Contributor License Agreement

@microsoft-github-policy-service agree company="Microsoft"

[weshaggard]

@charlesfu001 why are you trying to update this lock file? It is in our common code and would need to be updated in our azure-sdk-tools repo.

[charlesfu001]

@charlesfu001 why are you trying to update this lock file? It is in our common code and would need to be updated in our azure-sdk-tools repo.
@weshaggard, we don't plan to merge this change into main. A short history, our speech SDK is based on the feature branch feature/websockets, which Larry helped to develope the websocket work. This feature banch has not been merged back to main and we don't plan to merge it back to main. Does this clarify your question? Thanks.

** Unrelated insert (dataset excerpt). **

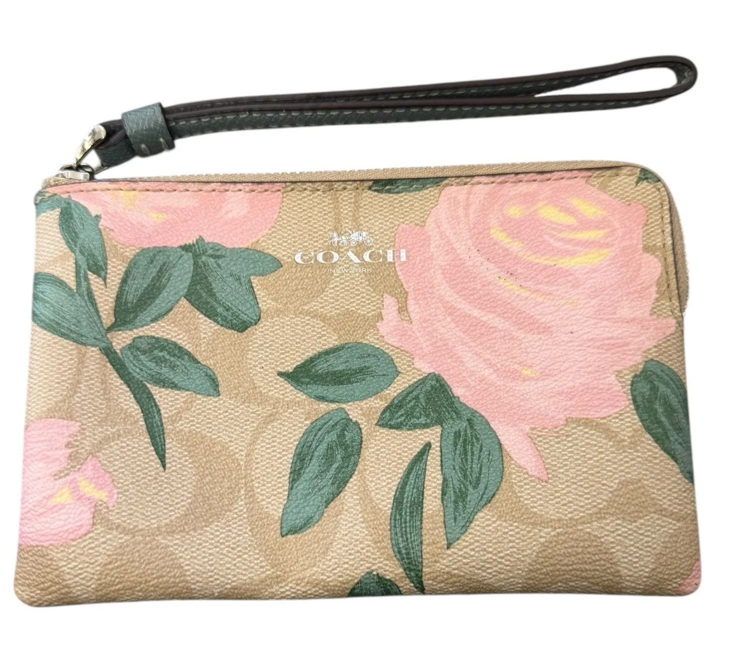 * Used * Coach wristlet * F26291 * Pink roses * Classic CC signature background * Co... Show more

BTW, we created a new feature branch feature/websockets_speech from the commit which we have been based on at feature/websockets. This change is applied to this new feature branch.

[weshaggard]

OK so this is just a merge from main to update this. In which case that should be fine.

[charlesfu001]

@weshaggard , @danieljurek , @benbp , I am not familiar with the process. Does this PR need to be approved by the repo owner to merge it into the feature branch or can it be approved by anyone with write permission, such as Ryan? If it needs to be approved by the repo owner, could you please approve the PR or if you have concerns, just let me know. Thanks.